*What you should do*
Every line from the one with "他畢業后不到兩年就跟著郭榮貴" through the last line below should be repeated exactly; pictures stay out of the copy.

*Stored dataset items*
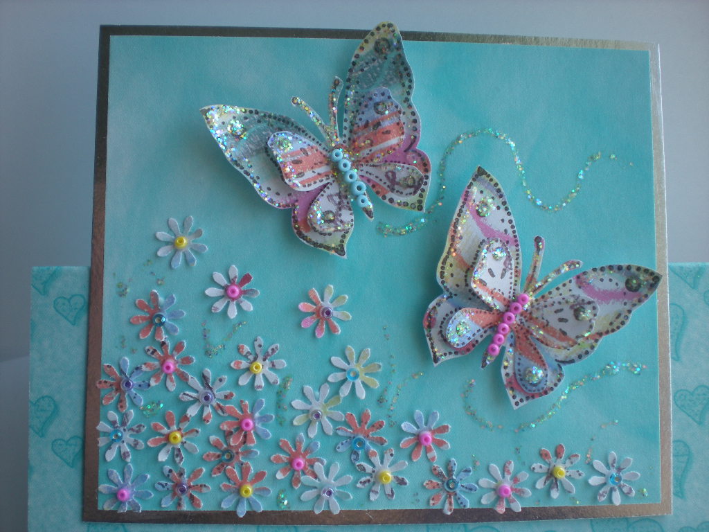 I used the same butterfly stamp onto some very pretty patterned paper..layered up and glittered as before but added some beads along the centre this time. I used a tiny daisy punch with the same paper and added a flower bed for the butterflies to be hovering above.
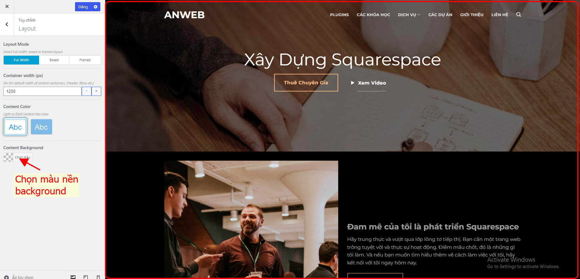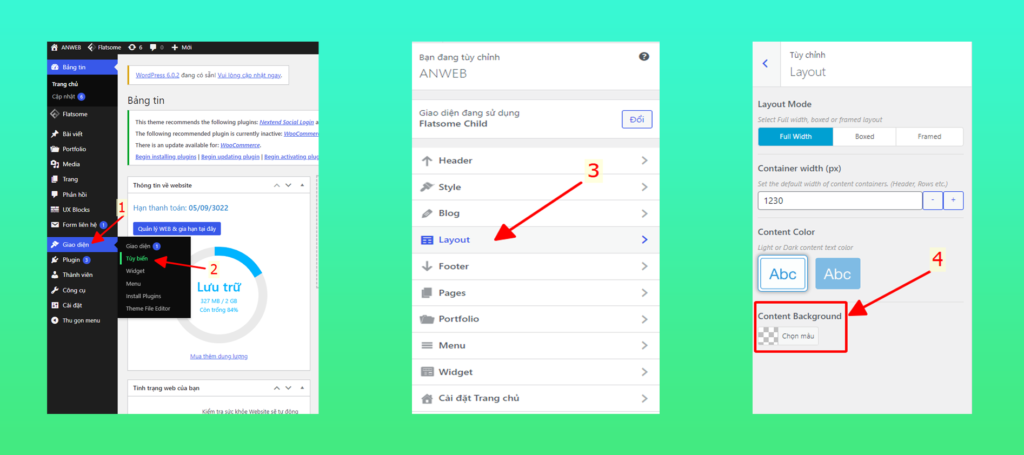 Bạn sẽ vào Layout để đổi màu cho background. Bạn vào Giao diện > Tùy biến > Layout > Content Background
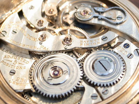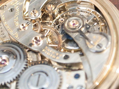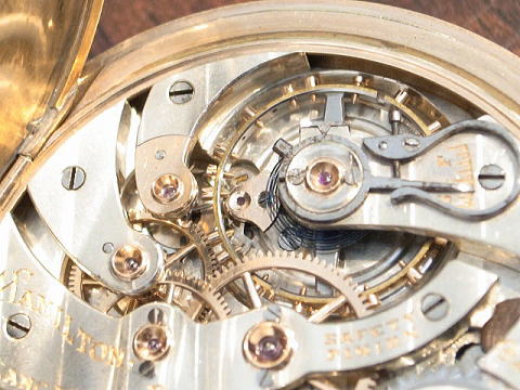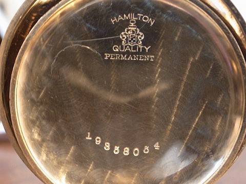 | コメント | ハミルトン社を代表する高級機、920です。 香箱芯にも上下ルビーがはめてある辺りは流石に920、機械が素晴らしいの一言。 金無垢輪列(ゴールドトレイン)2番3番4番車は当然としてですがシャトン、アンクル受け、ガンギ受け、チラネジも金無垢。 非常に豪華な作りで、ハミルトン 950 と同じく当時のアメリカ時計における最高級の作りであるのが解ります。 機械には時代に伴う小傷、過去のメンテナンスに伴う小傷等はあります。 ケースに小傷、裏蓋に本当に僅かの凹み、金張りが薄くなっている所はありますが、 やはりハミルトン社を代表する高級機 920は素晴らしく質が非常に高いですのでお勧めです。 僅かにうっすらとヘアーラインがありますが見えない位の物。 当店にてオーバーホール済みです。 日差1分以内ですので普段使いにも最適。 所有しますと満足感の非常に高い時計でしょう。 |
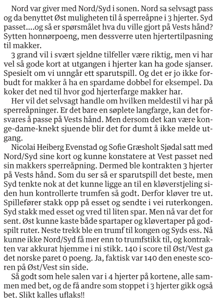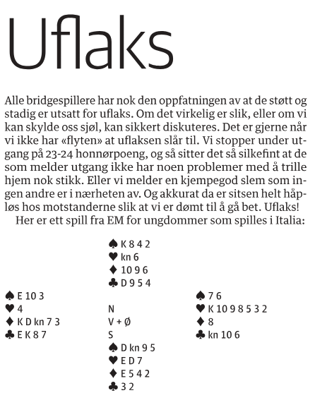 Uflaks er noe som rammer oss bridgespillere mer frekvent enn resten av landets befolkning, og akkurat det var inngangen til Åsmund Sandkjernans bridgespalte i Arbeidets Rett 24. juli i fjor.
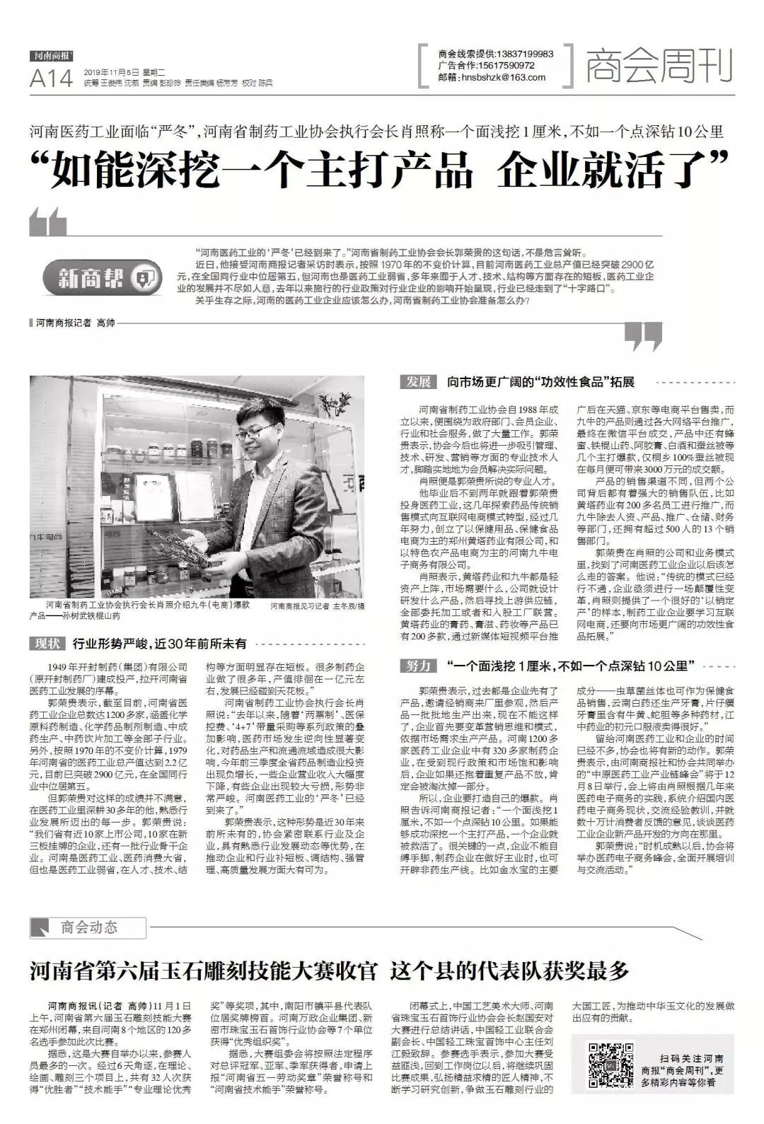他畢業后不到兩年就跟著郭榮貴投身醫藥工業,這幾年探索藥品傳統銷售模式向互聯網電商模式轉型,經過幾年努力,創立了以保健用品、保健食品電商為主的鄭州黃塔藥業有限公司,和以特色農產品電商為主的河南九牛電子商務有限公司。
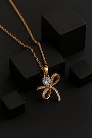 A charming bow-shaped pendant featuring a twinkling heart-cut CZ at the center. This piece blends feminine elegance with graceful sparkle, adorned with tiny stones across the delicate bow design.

*Solved problem*
他畢業后不到兩年就跟著郭榮貴投身醫藥工業,這幾年探索藥品傳統銷售模式向互聯網電商模式轉型,經過幾年努力,創立了以保健用品、保健食品電商為主的鄭州黃塔藥業有限公司,和以特色農產品電商為主的河南九牛電子商務有限公司。
 A charming bow-shaped pendant featuring a twinkling heart-cut CZ at the center. This piece blends feminine elegance with graceful sparkle, adorned with tiny stones across the delicate bow design.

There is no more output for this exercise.